Endocrine Abstracts

Introduction: Pituitary apoplexy is a rare endocrine emergency that can occur due to pituitary infarction or hemorrhage. There are conflicting data regarding the type of pituitary adenoma prone to apoplexy. Prolactinomas seem to have the highest risk. We report 2 cases of apoplexy of a somatotropic adenoma not medically treated

Case 1: Patient aged 45 years, with a history of chronic headaches, hospitalized in the emergency room for management of a meningeal syndrome with violent headaches associated with vomiting, a significant decrease in visual acuity, exophthalmos and ptosis of the left eye. The patient was treated with antibiotics and underwent a brain scan which returned normal. In front of the observation of a dysmorphic syndrome typical of acromegaly, she was referred to the endocrinology department where the diagnosis of acromegaly was confirmed biologically, the pituitary imaging revealed a necrotic pituitary adenoma. The evolution was marked by a recurrence of the macroadenoma 6 years later.
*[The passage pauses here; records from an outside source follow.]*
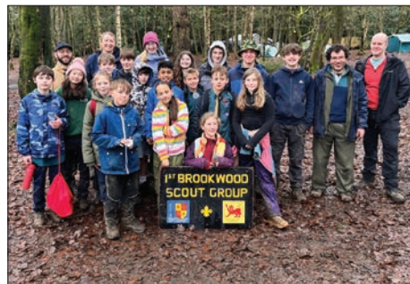
Member of 1st Brookwood Scout group at Frost Camp held at the end of January

It has been an action-packed few months for the Brookwood Scouts! From navigating the dark woods of Surrey to testing their endurance on lightweight hikes and braving the winter chill, our local troop has been incredibly busy. Here is a quick update on what our young people have been achieving lately.
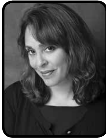
Natasha Trethewey Special Guest
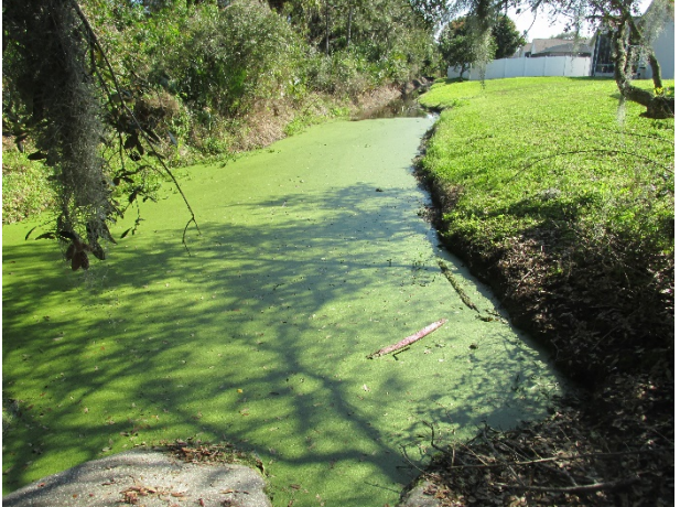
Canal at east perimeter of property
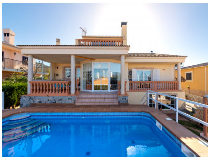
Exclusive villa with spectacular sea views in Bahía Azul
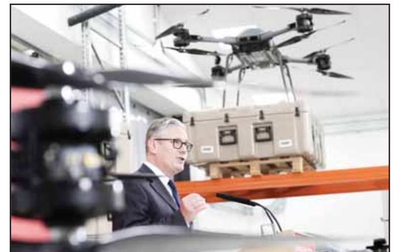
British Prime Minister Keir Starmer speaks on the occasion of the announcement of a defense plan, in Berkshire, England on June 30.

Healey accused the government of underspending on the military at a time of "rising threats," citing a British intelligence assessment that
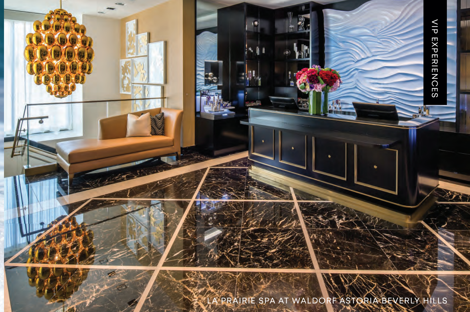
LA PRAIRIE SPA AT WALDORF ASTORIA BEVERLY HILLS
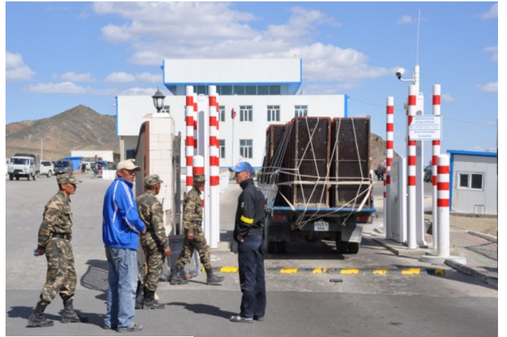
The takhis are crossing border
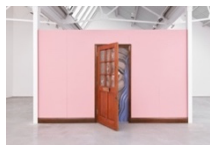
Door to Cockaigne , 2022 acrylic, timber, mdf, found door 244 x 408 cm 96 1/8 x 160 5/8 ins (MA-CECCJ-00011)
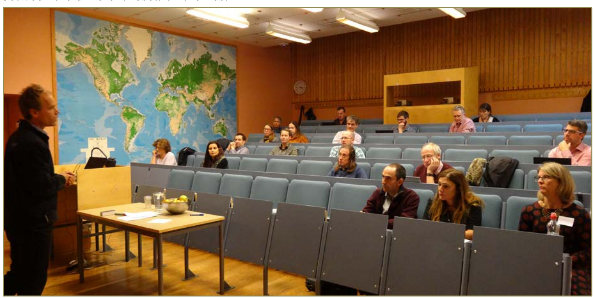
Figure 9: Participants at NEO workshop in Stockholm

The workshop was attended by 23 participants representing the different research themes and partners linked to NEO. The aim of the workshop was to highlight results from research conducted under the NEO collaboration, and to explore possible synergies and the potential for joint synthesis papers between the different research themes.
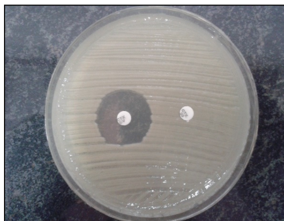
Fig. 1. Confirmatory combination disk method, the appearance of ESBL producing isolate.
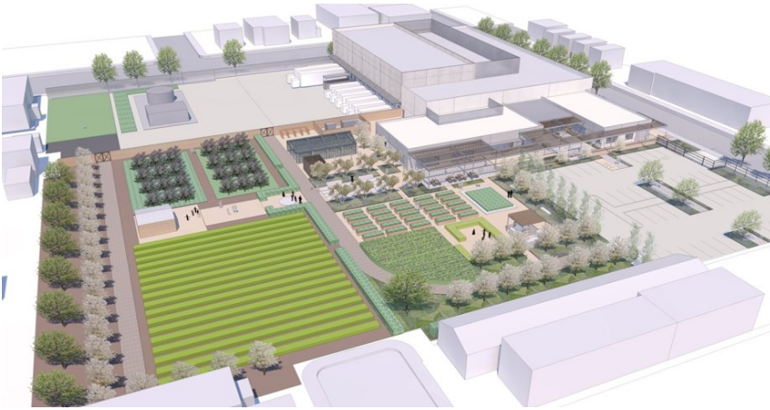
The Center: Central Kitchen and Education Center
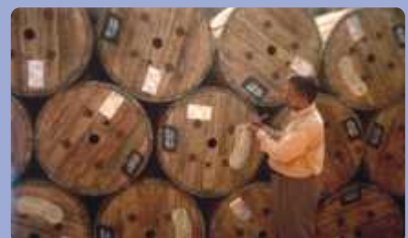
Supply of Distribution Cables To REB
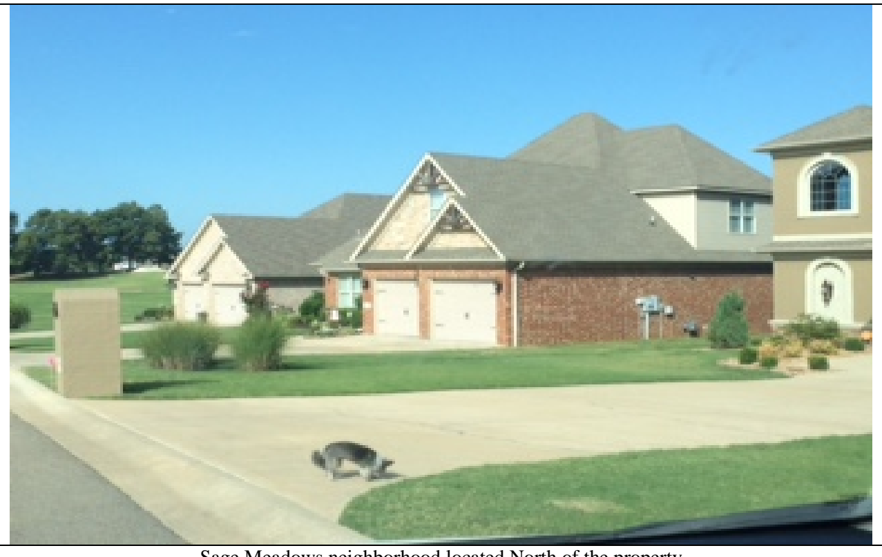
Sage Meadows neighborhood located North of the property
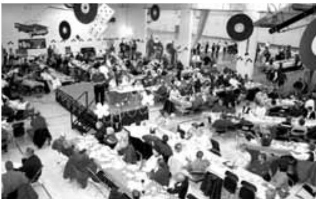
More than 600 people attended the '50s-themed Gala Auction.

The 21st annual Northwestern College Gala Auction raised over $40,000 on Feb. 21. The total is the second highest amount of auction funds raised in school history.
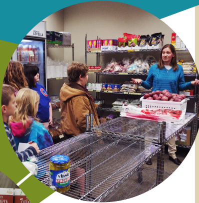
Food Pantry Tour
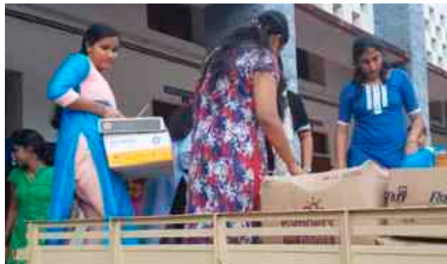
Material Collection for the flood-affected people in Kuttanad and Kumarakom
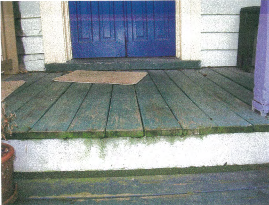
Damaged deck boards to be replaced in-kind
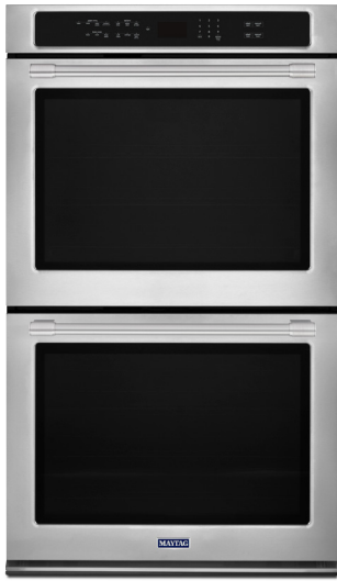
Fingerprint Resistant Stainless Steel MEW9630FZ
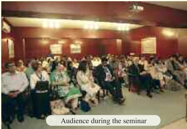
Audience during the seminar

Case 2: A 57-year-old patient was admitted to a neurology emergency room for intense headaches that were resistant to analgesics, with decreased visual acuity and diplopia. The pituitary CT scan showed a macroadenoma of 2 x 1.6 cm with erosion of the sellar floor. The evolution is marked by the spontaneous appearance of an empty sella turcica with progressive installation of an antehypophyseal insufficiency with therapeutic normalization of GH levels under medical treatment (somatuline and cabergoline) and substitution of hormonal deficits.

Conclusion: Pituitary apoplexy is a rare complication of pituitary adenomas, it must be suspected in front of brutal headaches with ophthalmologic disorders. Its management must be multidisciplinary.